ALPINE A110: MELANCOLIA DEPORTIVA

Gran éxito en la competición

Fundada a mediados del siglo pasado, en 1955,  Alpine fue una marca que consiguió grandes éxitos en el mundo de la competición, un hecho que le hizo disfrutar de un estatus privilegiado en los años 60 y 70 y el Alpine 110 fue de los modelos de mas éxito.

Esta meteórica subida al Olimpo de los más grandes en el mundo de las carreras fue a cargo de un modelo, el A110, un deportivo emblemático que ahora, casi cincuenta años más tarde, renace como el sueño pendiente que muchos melancólicos soñaban conducir o como mínimo, volver a rodar de nuevo.

Renacimiento medio siglo después

El sueño se ha cumplido! El nuevo A110 renace y lo hace con un diseño evocador que recuerda inequívocamente al modelo original del que proviene. De hecho, sólo con verlo, y salvo las evidentes mejoras generacionales y de recursos tecnológicos o de nuevos materiales y nuevas estructuras surgidas con el tiempo, el resultado no deja lugar a dudas de que es un Alpine A110!

 ADN Alpine

En este sentido, los ingenieros han sabido encontrar la forma para respetar religiosamente todos los códigos estéticos de la mítica berlinetta de la que proviene, manteniendo rasgos de identidad inconfundibles, como por ejemplo el frontal y el capó en forma de V, los cuatro faros redondos tan característicos, los pilotos horizontales o el vidrio en forma de trapecio.

La versión de lanzamiento de este reinterpretación del mítico A110 del 62, denominada «Première Edition»   ha sido limitada a 1955 unidades, cifra que corresponde al año que en que se fundó la marca.

Compacto y ligero, el nuevo A110 hace 4,18 m de largo, 1,80 de ancho, 1,25 de alto y pesa sólo 1.103kg.

 

Respecto del que esconde debajo del capó. Deciros que el A110 equipa un motor de 4 cilindros de 1,8 litros con 252 CV de potencia y 320Nm de par.

Se trata de un motor en posición central de tracción posterior con un centro de gravedad muy bajo. En este sentido, el reparto de pesos queda en un 44% delante y un 56% detrás.
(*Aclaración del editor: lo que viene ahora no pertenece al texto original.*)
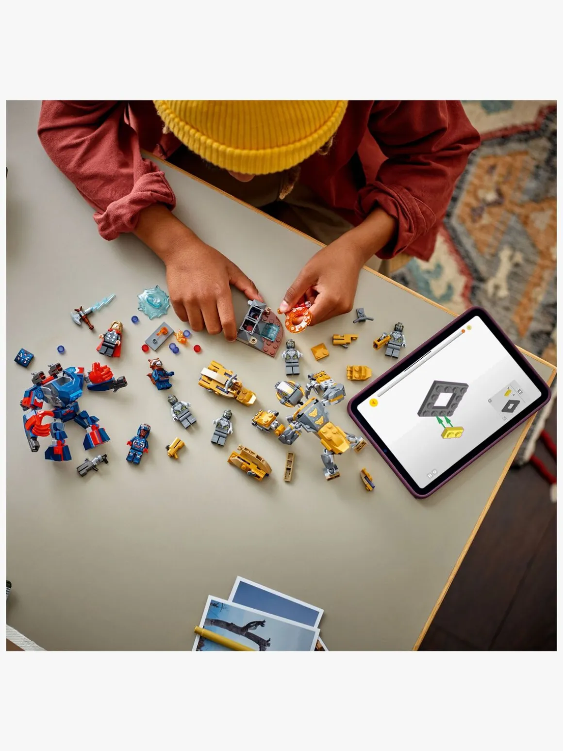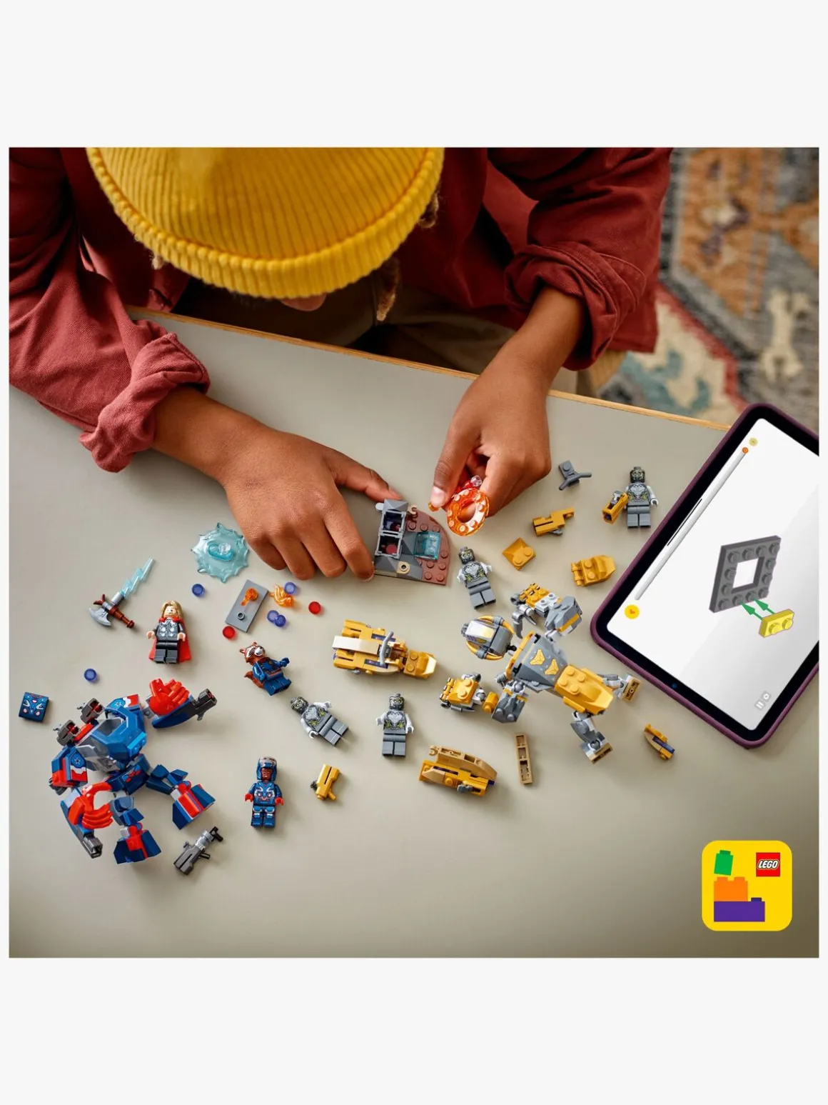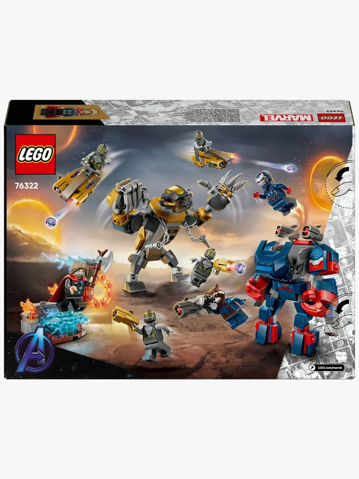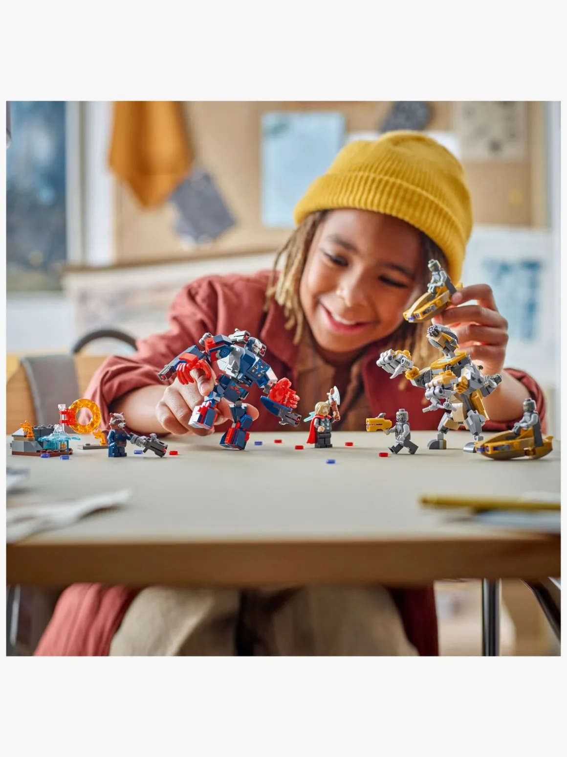Byg-selv-sættet med superheltetema er baseret på en ikonisk kampscene fra Marvels Avengers-film og indeholder 2 store LEGO figurer: en Iron Patriot-mech, der har 4 knopskydere, og en frygtindgydende chitauri-gorilla. Begge er leddelte for at sikre dynamisk leg. Der er 7 minifigurer: Iron Patriot MK2, Rocket med en stor knopskyder, Thor med Stormbreaker, 4 chitaurier, hvoraf 2 har gyldne knopskydere. Omfatter også 2 jetscootere og et lille miljø til Thor med plads til ekstra skydeknopper. Bygge- og legesættet kan kombineres med Avengers: Endgame – den endelige kamp 76323 for at udvide legeoplevelsen. Byggere kan også zoome ind på og dreje modeller i 3D i den sjove, intuitive LEGO Builder app. Indeholder 373 elementer.

En cuanto a la transmisión, viene equipado con una caja automática DCT de doble embrague de 7 marchas como única opción.

Con todo esto, este deportivo nostálgico de tracción posterior acelera de 0 a 100 en 4,5 segundos y logra los 250 km/h de velocidad máxima.

El consumo mediano es de 6,1 litros a los cien, con unas emisiones de CO2 de 138 gramos por kilómetro.

Un capricho difícil de conseguir

Finalmente deciros, que si os habéis hecho ilusiones, tendréis que hacer mangas para encontrar una unidad, dado que a pesar de costar unos 62 mil euros, la totalidad de la producción se vendió en menos de una semana desde que se abrió la comercialización. Así pues, si queréis una unidad, primero tendréis de buscarla y si la encontráis, tendréis que estar dispuestos a pagar un sobreprecio!

¿Cual? Esta pregunta no os la podemos responder.